▶ Information provided
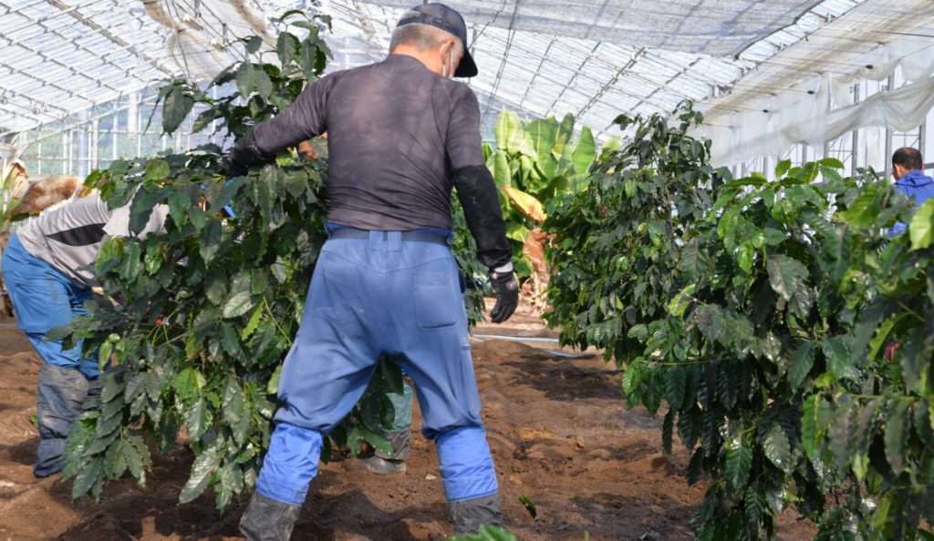 第3ハウスでの地中熱エネルギー利用に伴い機器を設置する場所を確保するため、且つコーヒーの木が成長して密になってきていたため、一部を第1ハウスに移植しました。
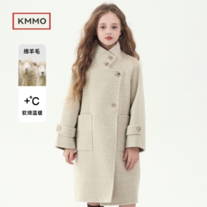 KMMO儿童双面羊绒大衣2025秋冬季新款女童呢子外套中长款加绒加厚
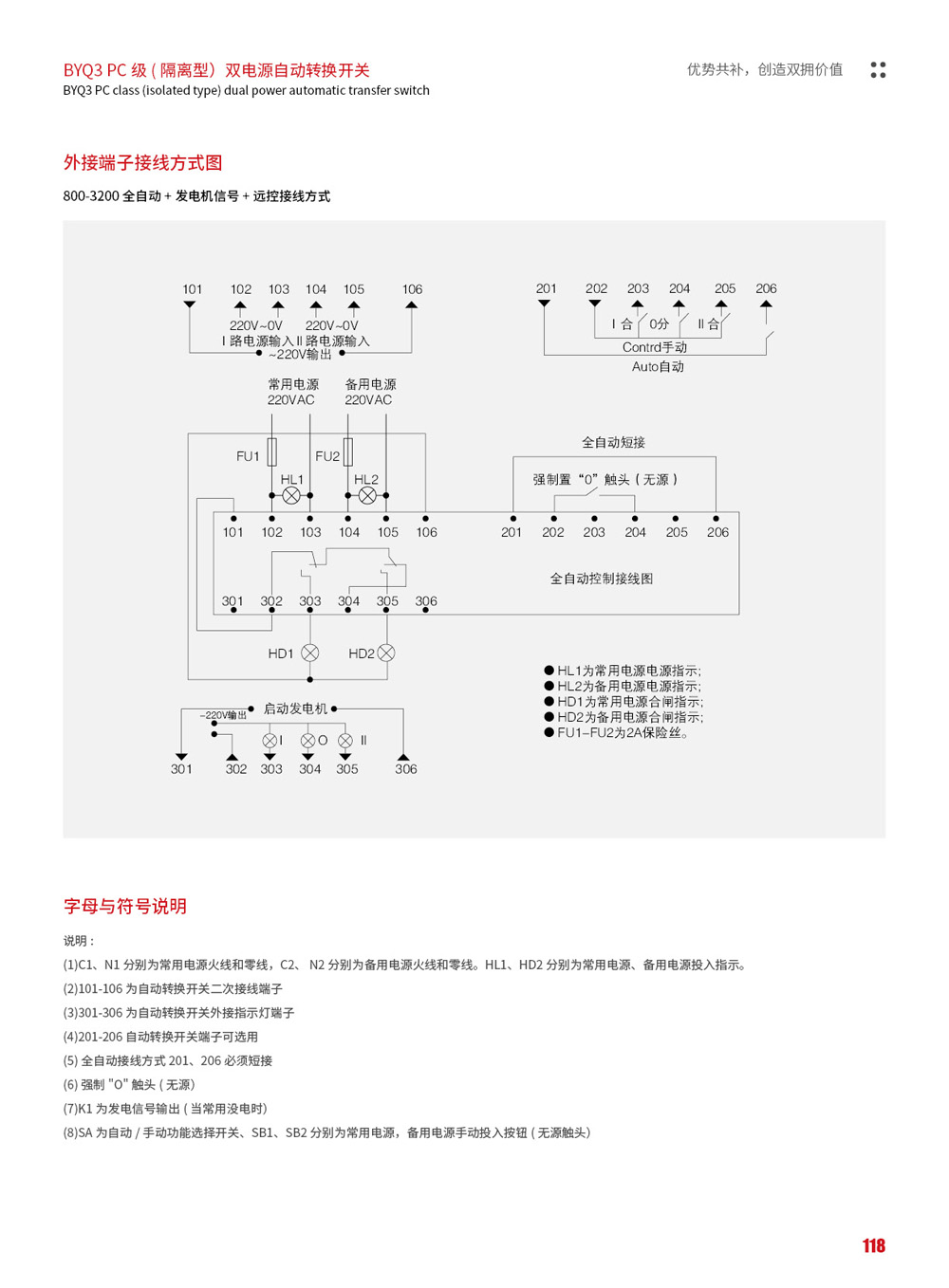 BYQ3 双电源自动转换开关(AT.S.E),是集开关与逻辑控制于一体,无需外加控制器,真正实现机电一体化的自动转换开关,具有电压检测、频率检测、通讯接口、电气、机械互锁等功能,可实现自动、电动远程、紧急手动控制。操作是由逻辑控制板以各种逻辑命令来管理电机、变速箱的操作运行来实现,电机带动开关弹簧蓄能,瞬时释放的加速机构,快速接通分断电路或进行电路转换,通过明显可见状态实现安全隔离,极大的提高了各项电器性能与机械性能。BYQ3 开关整体设计为金属外亮,小巧坚固。BYQ3开关,控制部分为金属外亮,开关外亮部件采用玻璃纤维不饱和聚脂树脂制造,具有较强的介电性能、防护能力和可靠的操作安全性。开关适用于供电系统的主电源与备用电源之间自动转换或两台负载设备的自动转换及安全隔离等。
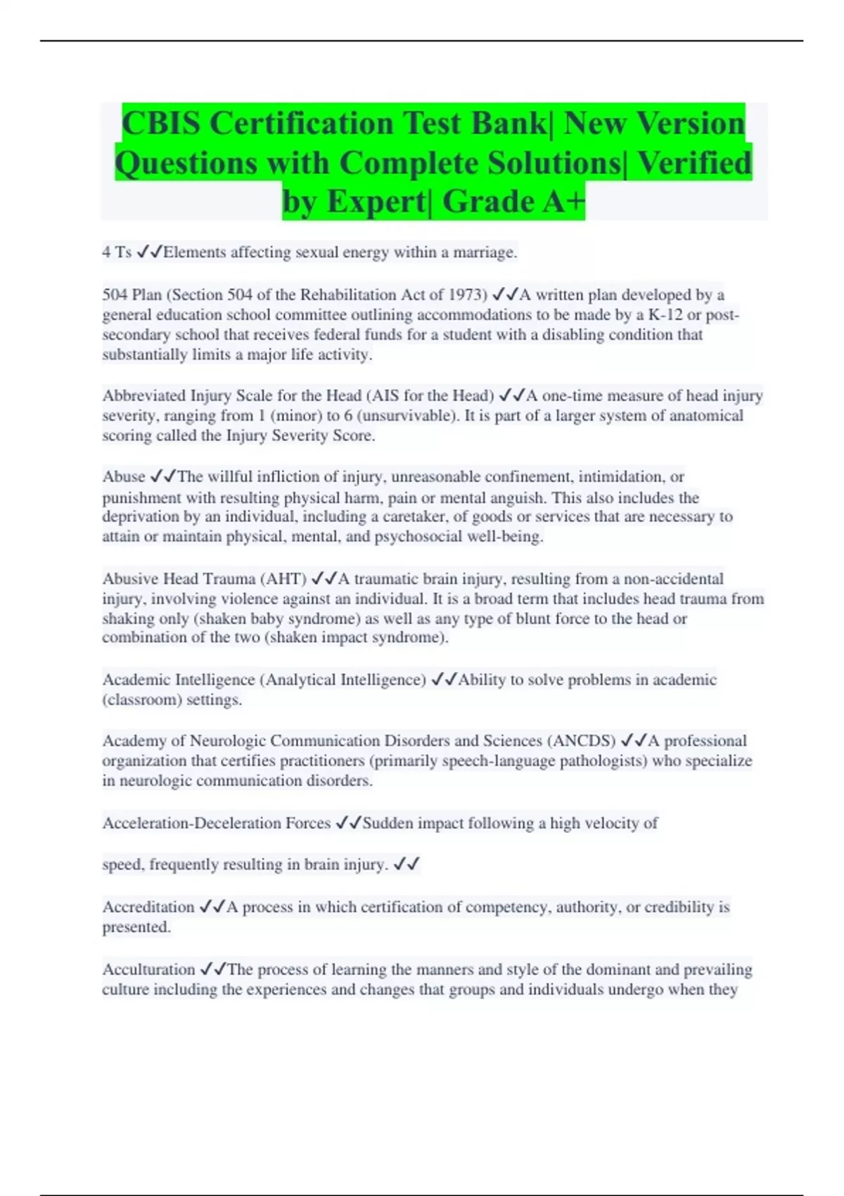 CBIS Certification Test Bank| New Version Questions with Complete Solutions| Verified by Expert| Grade A+ 4 Ts Elements affecting sexual energy within a marriage. 504 Plan (Section 504 of the Rehabilitation Act of 1973) A written plan developed by a general education school committee outlining accommodations to be made by a K-12 or postsecondary school that receives federal funds for a student with a disabling condition that substantially limits a major life activity. Abbreviated Injury Scale for the Head (AIS for the Head) A one-time measure of head injury severity, ranging from 1 (minor) to 6 (unsurvivable). It is part of a larger system of anatomical scoring called the Injury Severity Score. Abuse The willful infliction of injury, unreasonable confinement, intimidation, or punishment with resulting physical harm, pain or mental anguish. This also includes the deprivation by an individual, including a caretaker, of goods or services that are necessary to attain or maintain physical, mental, and psychosocial well-being. Abusive Head Trauma (AHT) A traumatic brain injury, resulting from a non-accidental injury, involving violence against an individual. It is a broad term that includes head trauma from shaking only (shaken baby syndrome) as well as any type of blunt force to the head or combination of the two (shaken impact syndrome). Academic Intelligence (Analytical Intelligence) Ability to solve problems in academic (classroom) settings. Academy of Neurologic Communication Disorders and Sciences (ANCDS) A professional organization that certifies practitioners (primarily speech-language pathologists) who specialize in neurologic communication disorders. Acceleration-Deceleration Forces Sudden impact following a high velocity of speed, frequently resulting in brain injury. Accreditation A process in which certification of competency, authority, or credibility is presented. Acculturation The process of learning the manners and style of the dominant and prevailing culture including the experiences and changes that groups and individuals undergo when they

▶ Activity
The entire listing above, minus its pictures, should be copied out exactly.

▶ Answer to the problem
 第3ハウスでの地中熱エネルギー利用に伴い機器を設置する場所を確保するため、且つコーヒーの木が成長して密になってきていたため、一部を第1ハウスに移植しました。
 KMMO儿童双面羊绒大衣2025秋冬季新款女童呢子外套中长款加绒加厚
 BYQ3 双电源自动转换开关(AT.S.E),是集开关与逻辑控制于一体,无需外加控制器,真正实现机电一体化的自动转换开关,具有电压检测、频率检测、通讯接口、电气、机械互锁等功能,可实现自动、电动远程、紧急手动控制。操作是由逻辑控制板以各种逻辑命令来管理电机、变速箱的操作运行来实现,电机带动开关弹簧蓄能,瞬时释放的加速机构,快速接通分断电路或进行电路转换,通过明显可见状态实现安全隔离,极大的提高了各项电器性能与机械性能。BYQ3 开关整体设计为金属外亮,小巧坚固。BYQ3开关,控制部分为金属外亮,开关外亮部件采用玻璃纤维不饱和聚脂树脂制造,具有较强的介电性能、防护能力和可靠的操作安全性。开关适用于供电系统的主电源与备用电源之间自动转换或两台负载设备的自动转换及安全隔离等。
 CBIS Certification Test Bank| New Version Questions with Complete Solutions| Verified by Expert| Grade A+ 4 Ts Elements affecting sexual energy within a marriage. 504 Plan (Section 504 of the Rehabilitation Act of 1973) A written plan developed by a general education school committee outlining accommodations to be made by a K-12 or postsecondary school that receives federal funds for a student with a disabling condition that substantially limits a major life activity. Abbreviated Injury Scale for the Head (AIS for the Head) A one-time measure of head injury severity, ranging from 1 (minor) to 6 (unsurvivable). It is part of a larger system of anatomical scoring called the Injury Severity Score. Abuse The willful infliction of injury, unreasonable confinement, intimidation, or punishment with resulting physical harm, pain or mental anguish. This also includes the deprivation by an individual, including a caretaker, of goods or services that are necessary to attain or maintain physical, mental, and psychosocial well-being. Abusive Head Trauma (AHT) A traumatic brain injury, resulting from a non-accidental injury, involving violence against an individual. It is a broad term that includes head trauma from shaking only (shaken baby syndrome) as well as any type of blunt force to the head or combination of the two (shaken impact syndrome). Academic Intelligence (Analytical Intelligence) Ability to solve problems in academic (classroom) settings. Academy of Neurologic Communication Disorders and Sciences (ANCDS) A professional organization that certifies practitioners (primarily speech-language pathologists) who specialize in neurologic communication disorders. Acceleration-Deceleration Forces Sudden impact following a high velocity of speed, frequently resulting in brain injury. Accreditation A process in which certification of competency, authority, or credibility is presented. Acculturation The process of learning the manners and style of the dominant and prevailing culture including the experiences and changes that groups and individuals undergo when they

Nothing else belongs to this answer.